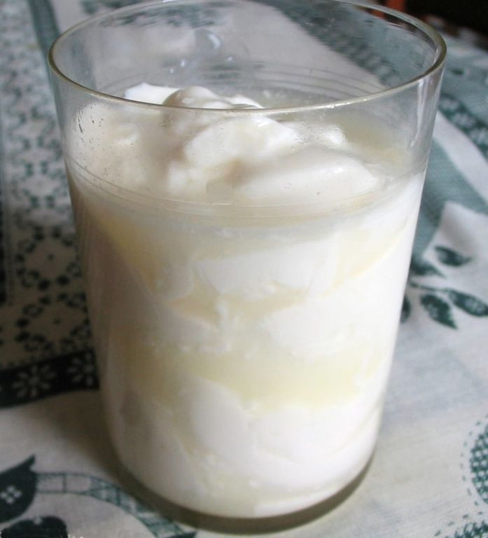 Как же возникла идея сделать натуральную простоквашу? Молоко быстро киснет и портиться, а натуральное молоко тем более. Поэтому люди научились сквашивать молоко, сохраняя его нежный вкус, продлевая его срок хранения. Простокваша от фермера получается в результате брожения молока. Скисая, цельное коровье молоко превращается в продукт с однородной текстурой и нейтральным вкусом. Натуральная фермерская простокваша от коров, питающихся травой и сеном, обладает рядом полезных свойств: содержит витамины А, Е, группу В, минеральные вещества кальций, цинк, фтор, железо, органические и жирные кислоты, а также пищевые волокна. Самое полезное в том, что простокваша из цельного фермерского молока благотворно влияет на процесс пищеварения и нормализует работу желудочно-кишечного тракта, т.к. содержит пробиотики и полезные микроорганизмы. Благодаря этому улучшается пищеварение и всасываемость полезных веществ, уменьшается риск воспалений в кишечнике, улучшается микрофлора человека. При непереносимости лактозы простокваша станет Вашим любимым напитком, потому что молочнокислые бактерии расщепляют молочный сахар и в простокваше его почти нет.
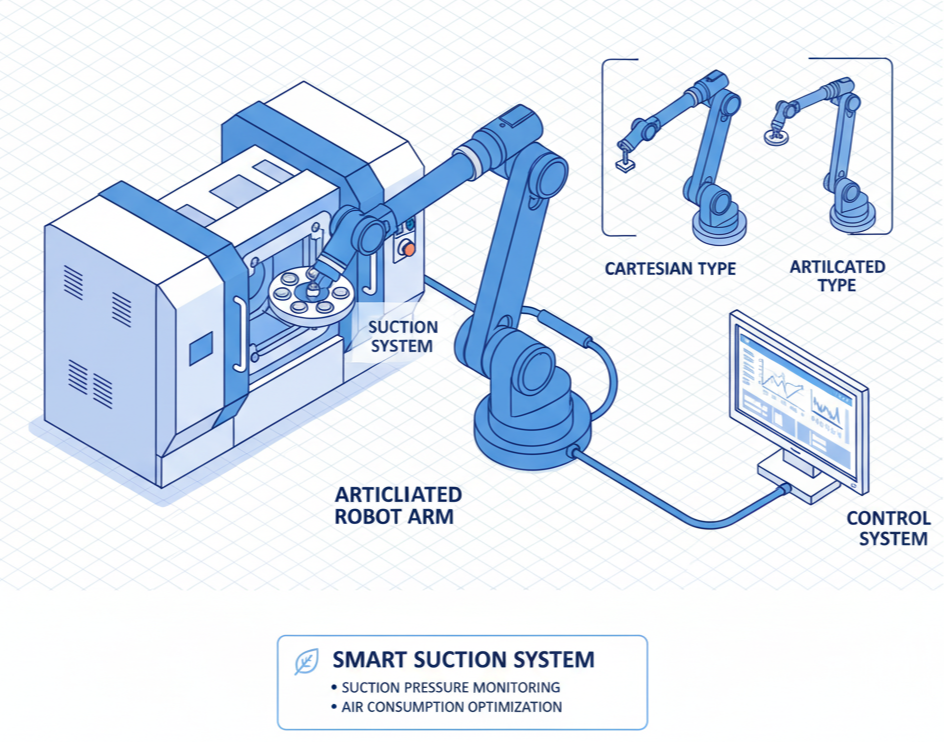 - 흡착 장치(Suction System): 제품을 안전하게 잡기 위한 진공 흡착 시스템입니다. 흡착압력을 감시하여 에어 소비량을 최적화하는 스마트 흡착 시스템도 있습니다.
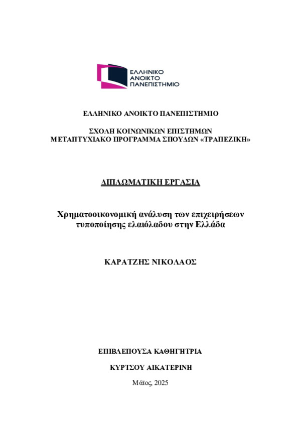 Η παρούσα διπλωματική εργασία πραγματεύεται την χρηματοοικονομική ανάλυση του κλάδου τυποποίησης ελαιόλαδου με ιδιαίτερη έμφαση στις επιχειρήσεις που δραστηριοποιούνται στην τυποποίηση ελαιόλαδου στην Ελλάδα.
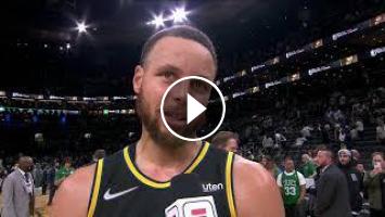 Stephen Curry fields questions following the Golden State Warriors' Game 4 win in the 2022 NBA Finals over the Boston Celtics. The series is now tied at 2 games a piece.
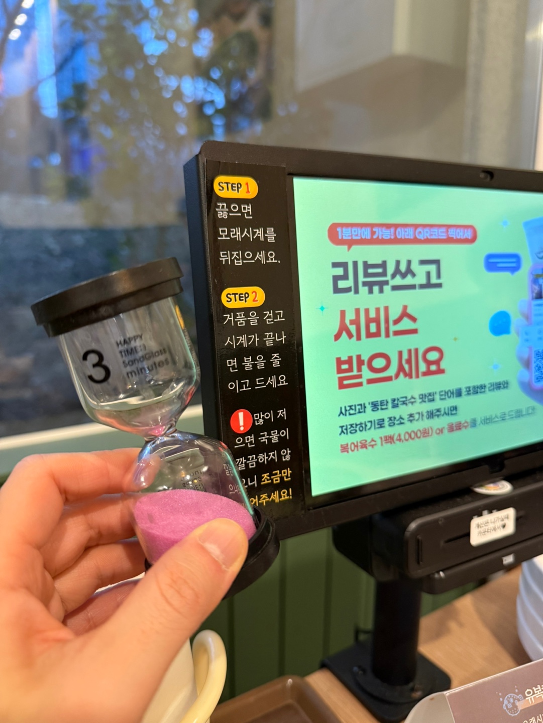 모래시계를 뒤집고 끝나기를 기다리는데 그 사이 나온 쭈꾸미해물부추전
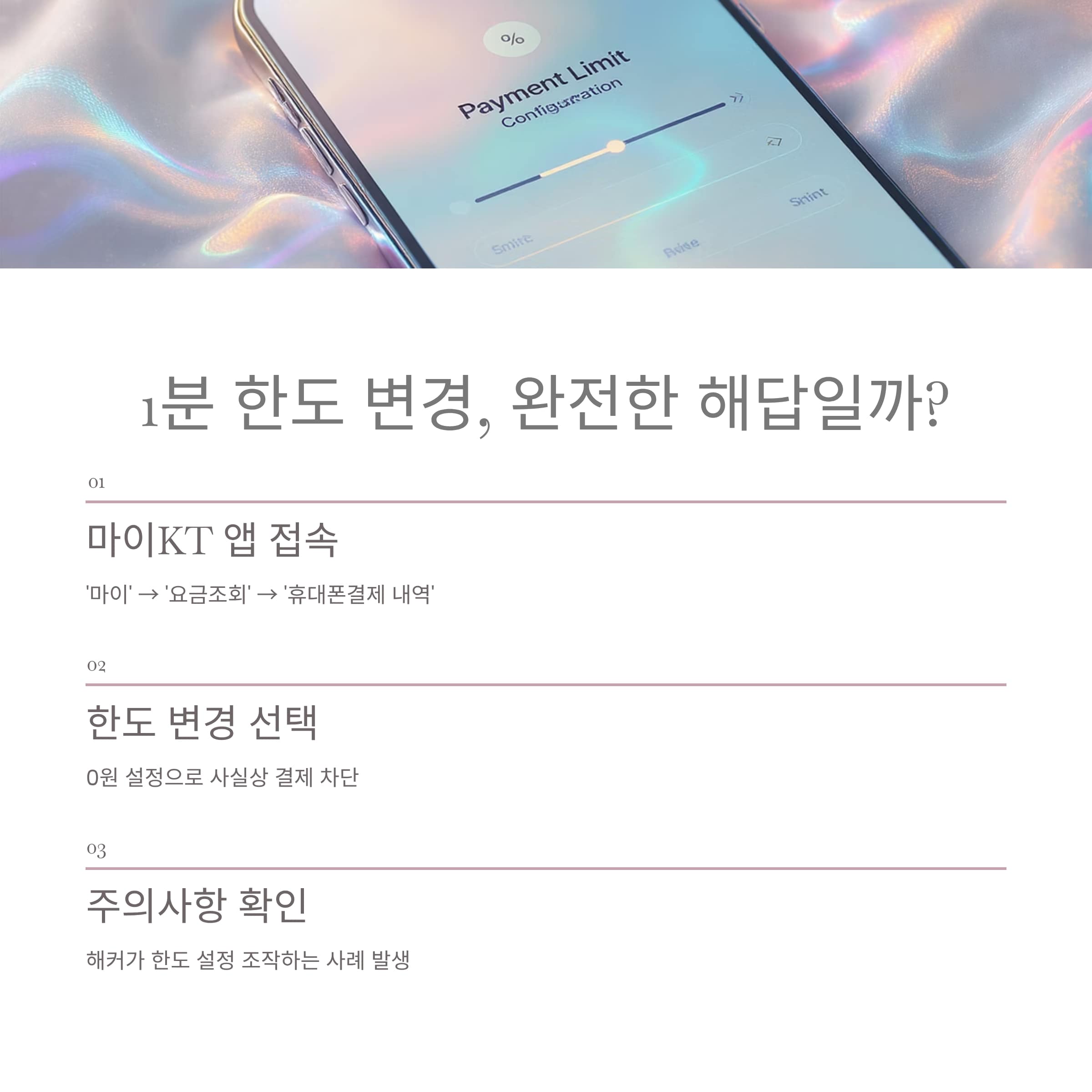 | 한도 0원 설정 | 마이KT 앱 또는 KT닷컴 웹사이트 | 사실상 결제 차단과 동일 |

......

EXERCISE DETAILS: Your output should be the lines from the line containing "Η παρούσα διπλωματική" through the last line of the listing above, restated exactly, with no pictures among them.

TASK RESPONSE:
 Η παρούσα διπλωματική εργασία πραγματεύεται την χρηματοοικονομική ανάλυση του κλάδου τυποποίησης ελαιόλαδου με ιδιαίτερη έμφαση στις επιχειρήσεις που δραστηριοποιούνται στην τυποποίηση ελαιόλαδου στην Ελλάδα.
 Stephen Curry fields questions following the Golden State Warriors' Game 4 win in the 2022 NBA Finals over the Boston Celtics. The series is now tied at 2 games a piece.
 모래시계를 뒤집고 끝나기를 기다리는데 그 사이 나온 쭈꾸미해물부추전
 | 한도 0원 설정 | 마이KT 앱 또는 KT닷컴 웹사이트 | 사실상 결제 차단과 동일 |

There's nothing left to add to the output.